# Erdung bei portablem Echolot



## Ben-CHI (31. Oktober 2013)

Hi Leute,

Habe mir ein neues Echolot gegönnt und will morgen damit los.
Es handelt sich um ein Raymarine Dragonfly. 
Bin gerade dabei alles fertig zu machen, da ist mir aufgefallen das der Stromanschluss des Lots ein Erdungskabel hat.

Da das Gerät aber portabel in einer Tasche transportiert wird bin ich etwas verwirrt.... Liegt auch an meinem nicht vorhandenem Wissen über Elektrik 
Mein altes Lot hatte das nicht und da musste lediglich + auf + und - auf - und fertig.

Habe mir die Installationshinweise durchgelesen aber werd irgendwie auch nicht schlauer.

Bei Festinstallation im Boot an Erdungspunkt anschließen... Ok... Klingt plausibel... Aber was ist in meinem Fall zu tun?

- Gar nicht anschließen und ohne erdung los?
- mit dem -Pol anschließen?

Oder wie oder was ;+;+

Hoffe jemand kann mir die Antwort auf meine Frage geben.

Danke schonmal

Gruß Benny


----------



## yacaré (1. November 2013)

*AW: Erdung bei portablem Echolot*

Es handelt sich bei dem  'Erdungskabel' möglicherweise um einen einen Bus, über den angeschlosse Peripheriegeräte gesteuert werden. Habe schon einiges an Echoloten durchprobiert, ein Erdungskabel ist mir noch nicht untergekommen... Wo sollte es denn an Gfk- oder Holzbooten angeschlossen werden? Frage doch mal den Verkäufer, bei dem Du das Gerät erworben hast, was es damit auf sich hat...


----------



## DC9WX (7. Januar 2014)

*AW: Erdung bei portablem Echolot*

Lass das Kabel einfach weg. Isolierband rum und gut ist. So eine Erdung wird erst interessant wenn Du z.b. Kurzwelle an bord hast und die Anlage Störungen verursacht.

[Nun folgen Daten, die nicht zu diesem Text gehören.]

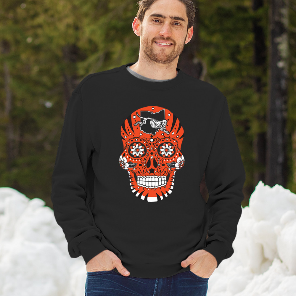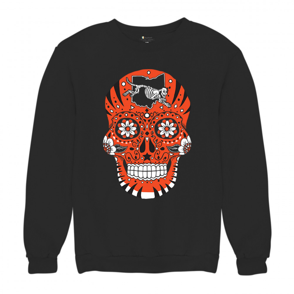 CINCINNATI SUGAR SKULL crewneck sweatshirt die-hard football fan tailgating black

Gesendet von meinem iPad mit Tapatalk


----------



## Chiforce (7. Januar 2014)

*AW: Erdung bei portablem Echolot*

Bau doch einen kleinen Blumentopf mit einer Handvoll Blumenerde mit in  die Tasche ein und Steck das Kabel da rein, dann kann keiner Meckern :m


----------



## zokker (7. Januar 2014)

*AW: Erdung bei portablem Echolot*

Das Erdungskabel ist mit der Schirmung der Kabel und des Echol. verbunden. Die Schirmung hat die Aufgabe Störfaktoren wie zb. elektromagnetisch Felder zu unterdrücken. Diese können vom Gerät selbst oder von außen kommen. Da bei Fahrzeugen der – Pol auch die Erde ist kann man es mit dem – Pol verbinden. Dafür muss man sich aber auch sicher sein das es ein Erdungsanschluss ist. Bei portablen Geräten würde ich es nicht anschließen. Isoliere es einfach und gut ist.


----------



## detlefb (8. Januar 2014)

*AW: Erdung bei portablem Echolot*



DC9WX schrieb:


> Lass das Kabel einfach weg. Isolierband rum und gut ist. So eine Erdung wird erst interessant wenn Du z.b. Kurzwelle an bord hast und die Anlage Störungen verursacht.
> Gesendet von meinem iPad mit Tapatalk



#d

Wenn kein Erdungspunkt vorhanden ist sollte der Schirm auf den Minus Pol gelegt werden, egal welche Welle an Bord ist.

Siehe Seite 31

Viele Grüße von DD3817


----------



## Ben-CHI (8. Januar 2014)

*AW: Erdung bei portablem Echolot*

Hi,

Danke für die Rückmeldungen. Ich habe, nach Rücksprache mit Schlageter vom Echolotzentrum, die Erdung nicht angeschlossen.

Funktioniert ohne Probleme.

Grüße


----------